2. Description of the Prior Art 
Cured compositions based on organic and silicone resins have excellent 
electrical properties, including dielectric properties, volume 
resistivity, dielectric breakdown strength, and excellent mechanical 
properties that include flexural strength, compression strength, and 
impact strength. These properties make the compositions particularly 
desirable for use as insulating materials for various types of electric 
and electronic components. 
The curable resin compositions can be fabricated by transfer molding, 
injection molding, potting and casting. The compositions can be applied to 
substrates by powder coating, immersion coating or dipping. 
Cured resins prepared using the aforementioned compositions are generally 
rigid. When these resins are used, for example, to seal an electric or 
electronic component, large mechanical stresses are imparted to the 
internal elements of the component during the heating required to seal the 
component and post-cure the resin or the thermal cycling to which the 
component is subjected during testing and use. As a consequence, the 
element may not function properly or failure may occur in part of the 
element. One cause of the stresses and resultant failures is the 
difference in thermal expansion coefficient and post-molding shrinkage 
ratio between the elements of electric and electronic components and 
curable resins. The elements of electric and electronic components have 
very low thermal expansion coefficients and shrinkage ratios while the 
resins have large values for these ratios. 
These differences between the thermal expansion coefficients and shrinkage 
ratios of the resin and the coated component also result in the formation 
of cracks in the cured resin coating and gaps between the component and 
the resin. The infiltration of water and other undesirable materials into 
these gaps contributes to deterioration and subsequent failure of the 
elements comprising the components. 
Most previous attempts to modify curable resin compositions have not had as 
their objective a reduction in the thermal expansion coefficient or 
post-molding shrinkage ratio of the cured resins. For example, Japanese 
Patent Publication Number 13241/49, published on Dec. 18, 1974 relates to 
an improvement in the lubricating properties of the surfaces of resin 
moldings achieved by the addition of an organosilsesquioxane powder to 
curable phenolic resin compositions. 
Japanese Patent Application Laid Open [Kokai] Number 52-14643 [14,643/77], 
published on Feb. 3, 1977, relates to an improvement resistance of 
silicone resin to abrasion by metals. This improvement is obtained by 
filling the synthetic curable resin with finely divided particles obtained 
from a cured material based on a organopolysiloxane and an inorganic 
filler. The thermal expansion coefficient, post-molding shrinkage ratio, 
and flexural modulus are unsatisfactory in both of the aforementioned 
resin compositions following curing. 
In Japanese Laid Open Patent Application Number 58-219218 [219,218/83], 
published on Dec. 20, 1985 the present inventors propose a solution to the 
problems described in the preceding paragraph by adding to the curable 
resin a cured material containing at least 10 weight % of a straight-chain 
siloxane fraction. The material is reduced to a finely divided, i.e. 

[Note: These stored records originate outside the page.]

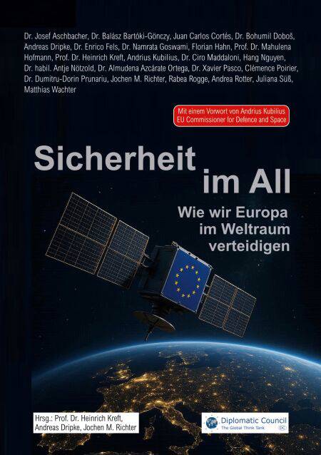 Autoren: Dr. Josef Aschbacher, Generaldirektor Europäische Weltraumagentur (ESA); Dr. Balasz Bartóki-Gönczy, Vize-Dekan Universität für Offentliche Verwaltung, Budapest; Dr. Bohumil Dobos, Karls-Universität Prag; Andreas Dripke, Executive Chairman Diplomatic Council; Dr. Enrico Fels, Geschäftsführer CASSIS, Universität Bonn; Dr. Namrata Goswami, Prof. für Weltraumsicherheit, Johns Hopkins University; Staatsminister Florian Hahn, Auswärtiges Amt, MdB; Prof. Dr. Mahulena Hofmann, SES Chair Space, SatCom, Media Law, Universität Luxemburg; Prof. Dr. Heinrich Kreft, Botschafter a.D., Präsident Diplomatic Council, Programmdirektor an der Diplomatischen Akademie des Auswärtigen Amts; Andrius Kubilius, EU-Kommissar für Verteidigung und Raumfahrt; Dr. Ciro Maddaloni; Hang Nguyen, Verlegerin Diplomatic Council; Dr. habil. Antje Nötzold, Privatdozentin und Wissenschaftliche Mitarbeiterin, TU Chemnitz & Universität der Bundeswehr; Almudena Azcarate Ortega, Leit. Wissenschaftlerin für Weltraumsicherheit und Programm zu Massenvernichtungswaffen, Institut für Abrüstungsforschung der UN (UNIDIR); Dr. Xavier Pasco, Direktor Stiftung für Strategische Forschung, Paris; Clémence Poirier, Senior Researcher ETH Zürich; Dr. Dumitru-Dorin Prunariu, ehem. Präsident der Rumänischen Weltraumagentur; Juan Carlos Cortes, Generaldirektor der Spanischen Weltraumagentur; Jochen M. Richter, Chairman Diplomatic Council Global Security Forum; Andrea Rotter, Leiterin Außen- und Sicherheitspolitik, Hanns-Seidel-Stiftung; Rabea Rogge, erste deutsche Astronautin im All; Juliana Süß, Wissenschaftlerin Sicherheitspolitik, "Strategische Bedrohungsanalysen und nukleare (Un-)Ordnung", Stiftung Wissenschaft und Politik; Matthias Wachter, Geschäftsführer NewSpace Initiative, Abteilungsleiter Intl. Zusammenarbeit, Sicherheit, Rohstoffe & Raumfahrt BDI (Bundesverband der Deutschen Industrie).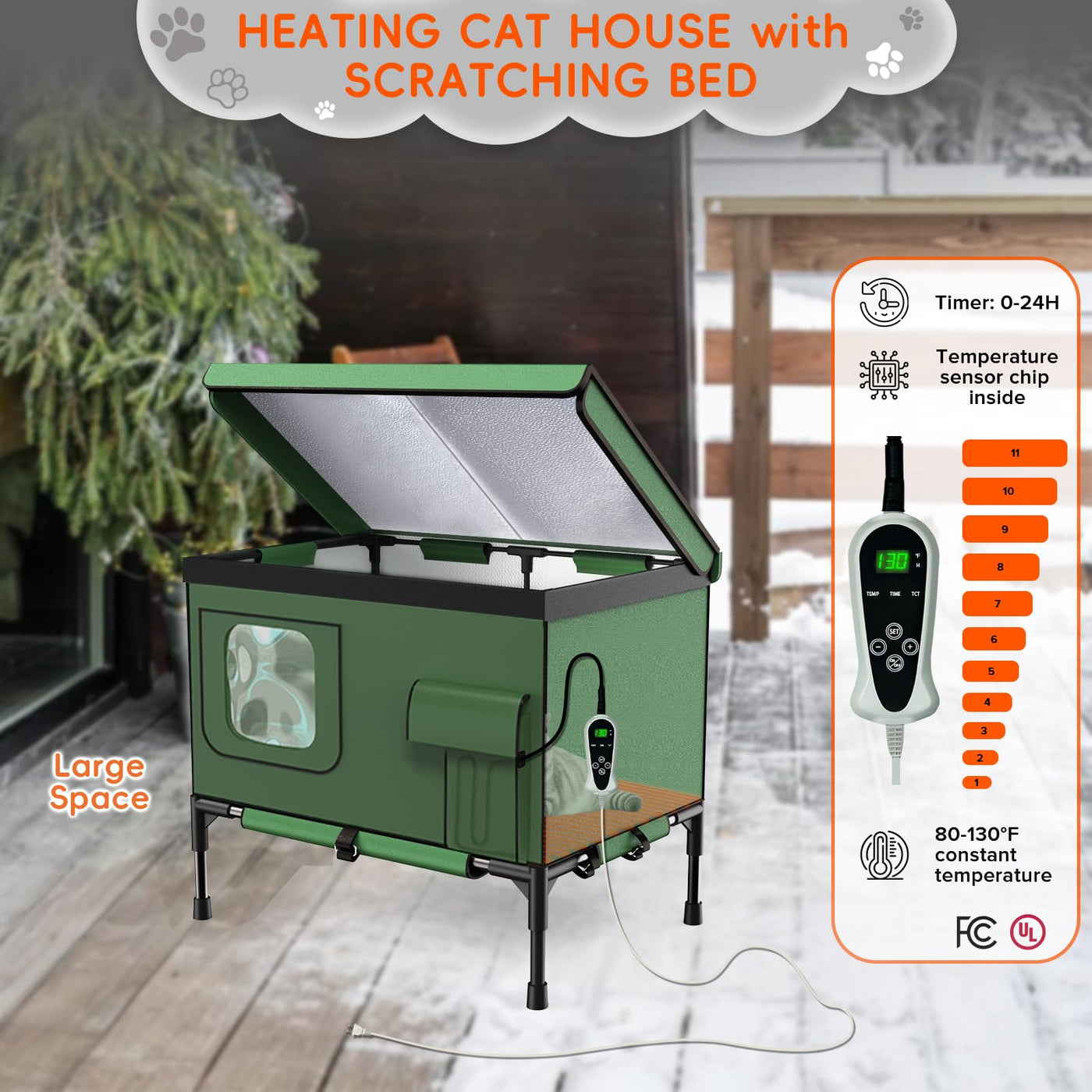 4-In-1 Heated Cat House For Outside With Heating Pad, Scratching Bed And Elevated Bed, Waterproof Windproof Tpu Rain Cover, Larg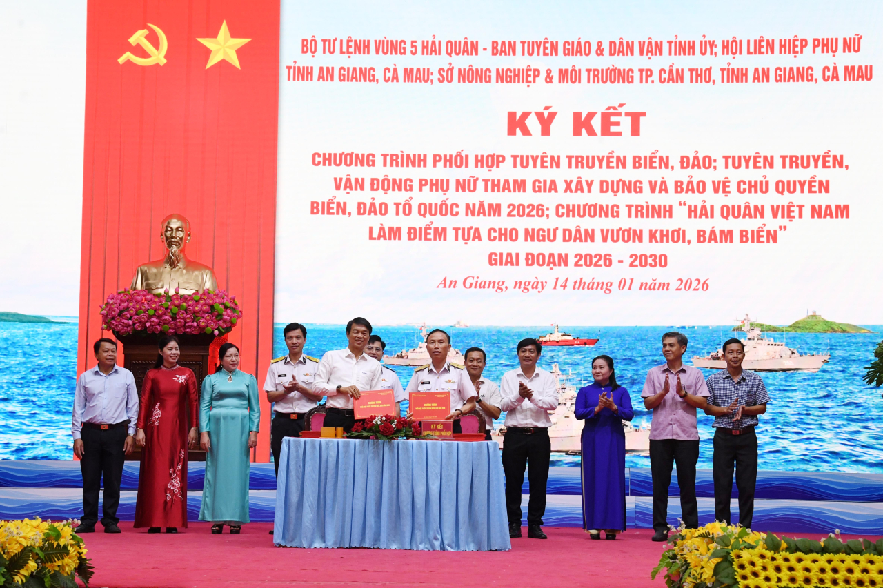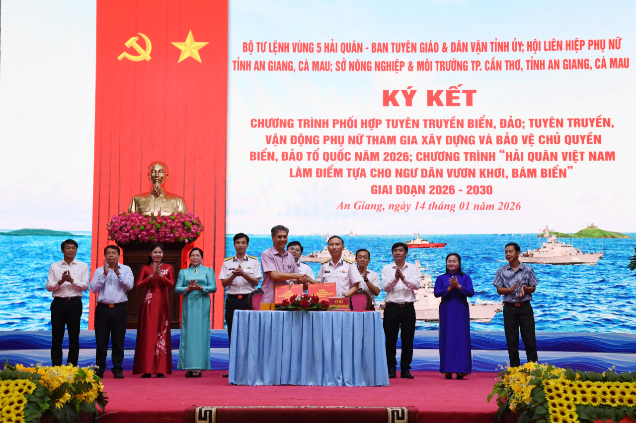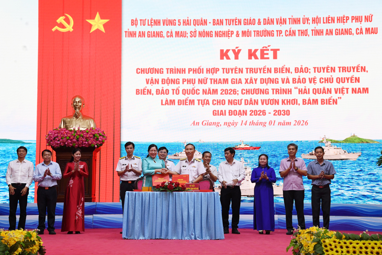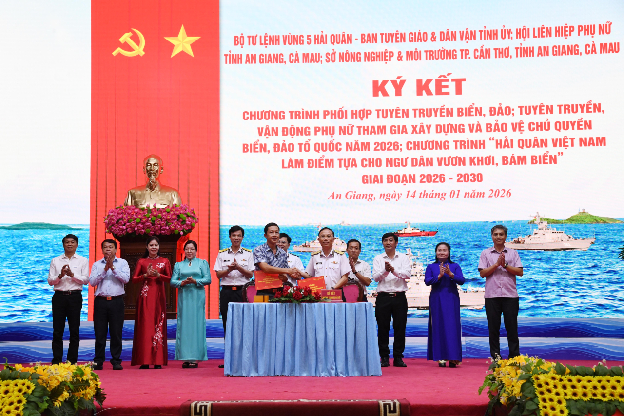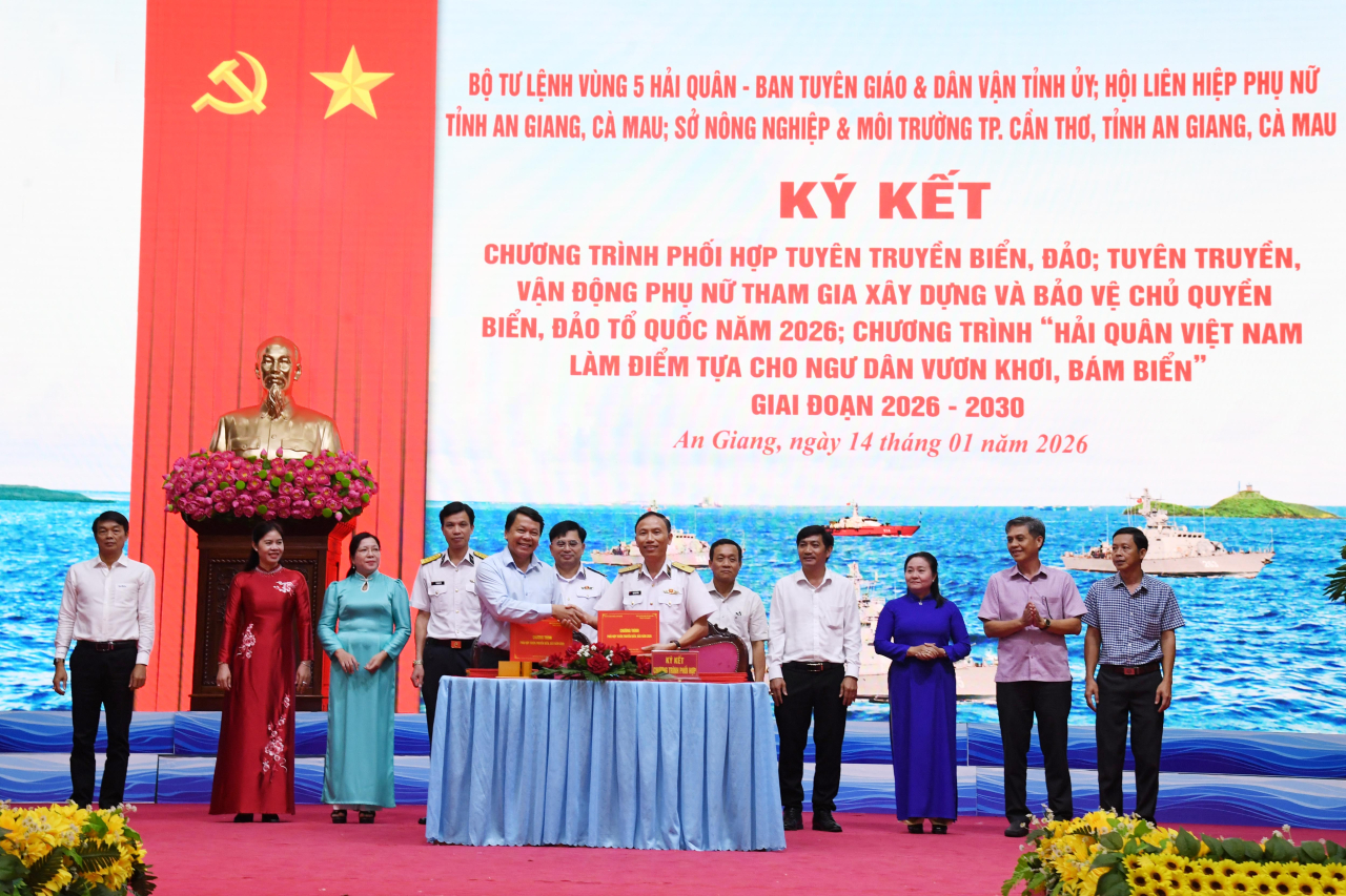 Tại hội nghị, Bộ Tư lệnh Vùng 5 Hải quân đã ký kết chương trình phối hợp tuyên truyền biển đảo; tuyên truyền, vận động phụ nữ tham gia xây dựng và bảo vệ chủ quyền biển đảo Tổ quốc năm 2026 với Ban Tuyên giáo và Dân vận Tỉnh ủy, Hội Liên hiệp phụ nữ tỉnh An Giang, tỉnh Cà Mau; đồng thời ký kết chương trình “Hải quân Việt Nam làm điểm tựa cho ngư dân vươn khơi, bám biển” giai đoạn 2026 - 2030 với Sở Nông nghiệp và Môi trường TP. Cần Thơ, tỉnh An Giang và Cà Mau.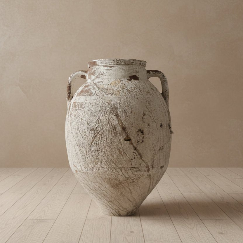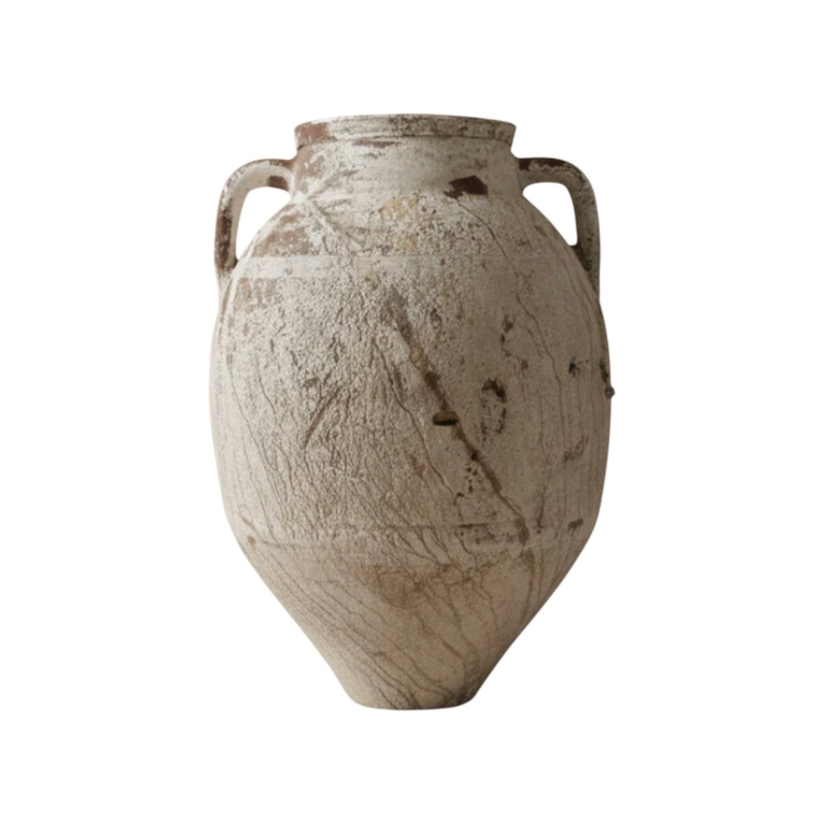 This original, solid and heavy vessel is exactly as shown. Originally used to store olive oil, it’s a one-of-a-kind piece that has weathered uniquely over time. Gathered layers of sediment paint and patina make it a stunning display piece.

microparticulate, form following curing. However, the problem with this 
approach that it is not always easy to reduce an elastomeric cured 
material to the desired small particle size. 
The present inventors in Japanese Laid Open Patent Application Number 
59-96122 [96,122/84], published on June 2, 1984 disclose preparing 
spherical cured particles by spraying a curable elastomer composition into 
a current of heated air. This method is quite excellent although 
expensive, due to the cost of the equipment required to produce the 
spherical particles of cured rubber. 
U.S. Pat. No. 4,743,670, which issued to K. Yoshida et al. on May 10, 1988 
describes a method for preparing a powdered form of silicone rubber by 
forming a dispersion of a liquid silicone rubber in surfactant-free water 
at a temperature of from 0 to 25 degrees C. and then mixing this 
dispersion into water at a temperature greater than 25 degrees C. Organic 
resin compositions containing these particles are less than satisfactory 
with respect to certain properties, particularly the infiltration of 
moisture into the cured resin. U.S. Pat. No. 4,778,860, which issued to 
two of the present three inventors on Oct. 18, 1988 attempts to solve 
these problems, by adding to the curable silicone rubber composition an 
aromatic hydrocarbon compound containing a substituted benzene ring where 
the substituent is a monovalent ethylenically unsaturated hydrocarbon 
radical or an alkenyloxy radical. This approach is not totally successful. 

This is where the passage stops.